In contemporary geopolitics, the critical vulnerability of the state is not spatial, but temporal. It is the widening chasm between the emergence of a hostile tactic and its formal recognition, categorization, and counter-protocol formulation within a state bureaucracy.
At CommandEleven, this phenomenon is identified as The Sanitization Gap.
This “Gray Zone” allows adversaries to operate with relative impunity by outpacing administrative cycles. While tactical operatives identify threats in real-time, the “sanitization” process – comprising intelligence scrubbing, legal review, and policy codification – often spans months. Consequently, by the time a Standard Operating Procedure (SOP) is finalized, the adversary has already transitioned to a new operational phase.
Structural Analysis: Agility vs. Hierarchy

The Sanitization Gap is a byproduct of divergent organizational architectures.
Adversarial entities, including state-aligned syndicates such as Syndicate-Delta or decentralized groups like ISKP, utilize horizontal, decentralized structures. They operate via a “fail-fast” methodology, iterating Tactics, Techniques, and Procedures (TTPs) within hours of detection or failure. Their TTPs function as dynamic, evolving systems.
In contrast, Western institutional frameworks are vertical, hierarchical, and optimized for risk mitigation rather than velocity.
- Tactical Recognition: An operative identifies a novel encryption method or delivery mechanism.
- Bureaucratic Processing: The observation is subjected to “source protection” vetting, legal compliance audits, and inter-agency jurisdictional debates.
The resulting “Official Guidance” is frequently obsolete upon delivery, targeting a threat profile that has already been abandoned by the adversary.
The Sanitization Bottleneck: Latency in the 2026 Threat Landscape

“Sanitization”—the process of converting raw intelligence into actionable data without compromising sensitive sources—has become the primary drag factor in the 2025–2026 defense environment. In an era defined by Cyber-Kinetic Loops, where digital compromise yields immediate physical consequences, traditional three-month sanitization cycles are untenable.
- The Over-Classification Trap: Persistent defaults toward secrecy result in the over-classification of adversary TTPs. This prevents the private sector and non-government allies from implementing defenses, effectively prioritizing the “source” over the protection of the “target.”
- Legal and Regulatory Paralysis: Every counter-TTP must navigate complex international and domestic legal frameworks. Adversaries leverage this through Lawfare, utilizing the West’s commitment to the rule of law to artificially widen the Sanitization Gap.

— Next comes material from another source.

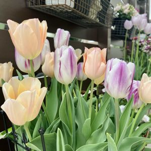 ①②チューリップ アプリコットビューティーと フレミングフラッグ 咲き出しました🌷 開花時期と背丈もバッチリ合いました!ヤッター✨ ただ今年のチューリップたちは、花茎がぐにゃりと 曲がってしまい放っておくとそのまま折れてしまうものが 多いです こんな事ははじめて🤔 曲がり出したものには支柱を立てています ③ラナンキュラス チョコレート 満開になり更に花色鮮やかです ④こぼれ種のビオラ ラブラドリカ エアコン室外機の横で毎年この時期に満開になります

Case Study: Small Unmanned Aerial Systems (sUAS) Proliferation

The evolution of sUAS technology illustrates the lethal consequences of administrative friction. Between 2024 and 2025, adversaries transitioned from off-the-shelf platforms to AI-integrated swarms featuring autonomous target recognition.
While tactical shifts occurred every six weeks, bureaucratic Electronic Warfare (EW) protocols remained tethered to multi-year procurement cycles and fiscal year budget authorizations. This discrepancy forced field personnel to rely on unauthorized, ad-hoc solutions while official counter-measures remained stalled in legislative or administrative subcommittees.

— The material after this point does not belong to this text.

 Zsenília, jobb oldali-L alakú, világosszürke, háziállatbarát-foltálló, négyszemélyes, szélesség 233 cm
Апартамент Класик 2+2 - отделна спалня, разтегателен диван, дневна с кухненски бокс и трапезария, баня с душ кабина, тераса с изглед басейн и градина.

Mitigating the Gap: Strategic Recommendations

To counter the velocity of modern adversaries, the intelligence community must prioritize networked dissemination over bureaucratic centralism.
- Shift from “Need to Know” to “Need to Share”: The dissemination of functional intelligence must take precedence over the protection of pedigree. Technical signatures (e.g., malware hashes) targeting critical infrastructure require immediate distribution, bypassing multi-week vetting cycles.

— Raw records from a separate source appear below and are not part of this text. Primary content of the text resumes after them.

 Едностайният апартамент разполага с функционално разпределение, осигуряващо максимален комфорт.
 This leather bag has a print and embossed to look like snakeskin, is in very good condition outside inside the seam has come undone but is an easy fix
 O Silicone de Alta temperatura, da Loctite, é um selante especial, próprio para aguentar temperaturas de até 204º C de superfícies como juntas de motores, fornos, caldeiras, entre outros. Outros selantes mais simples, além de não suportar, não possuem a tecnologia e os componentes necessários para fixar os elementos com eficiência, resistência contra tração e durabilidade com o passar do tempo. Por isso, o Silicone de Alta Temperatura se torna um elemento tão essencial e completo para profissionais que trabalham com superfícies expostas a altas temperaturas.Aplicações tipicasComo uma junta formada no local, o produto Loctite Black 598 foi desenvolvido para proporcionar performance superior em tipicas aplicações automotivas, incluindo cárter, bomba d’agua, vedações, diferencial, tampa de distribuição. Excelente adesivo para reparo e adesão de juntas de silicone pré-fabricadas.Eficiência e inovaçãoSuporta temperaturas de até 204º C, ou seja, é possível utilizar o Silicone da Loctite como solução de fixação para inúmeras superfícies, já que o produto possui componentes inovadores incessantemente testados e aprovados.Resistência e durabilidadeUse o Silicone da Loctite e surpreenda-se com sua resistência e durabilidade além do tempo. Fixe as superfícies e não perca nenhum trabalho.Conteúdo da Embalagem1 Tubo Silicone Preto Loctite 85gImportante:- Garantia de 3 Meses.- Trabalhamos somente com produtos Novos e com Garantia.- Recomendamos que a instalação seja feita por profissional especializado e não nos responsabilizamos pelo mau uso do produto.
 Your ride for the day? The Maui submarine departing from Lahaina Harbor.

- Automated Sanitization Protocols: We advocate for the deployment of AI-driven Sanitization Engines. These systems can autonomously strip sensitive metadata from raw data, generating unclassified, actionable alerts in minutes.
- Empowering the Tactical Edge: Tactical response must be decoupled from strategic policy. Field commanders and Chief Security Officers (CSOs) require the delegated authority to adapt TTPs locally without awaiting top-down validation from disconnected central authorities.
2026 Outlook: Prioritizing Resilience over Perfection
The Sanitization Gap cannot be entirely eliminated; however, it must be minimized to maintain strategic relevance. In a landscape where state-aligned syndicates modify the rules of engagement weekly, a multi-month delay is a systemic failure.
The objective for 2026 is Strategic Agility. This requires an institutional willingness to accept marginal “imperfection” in intelligence products in exchange for operational speed. Effective defense requires moving the pieces while the adversary is still active, rather than finalizing the rulebook after the engagement has concluded.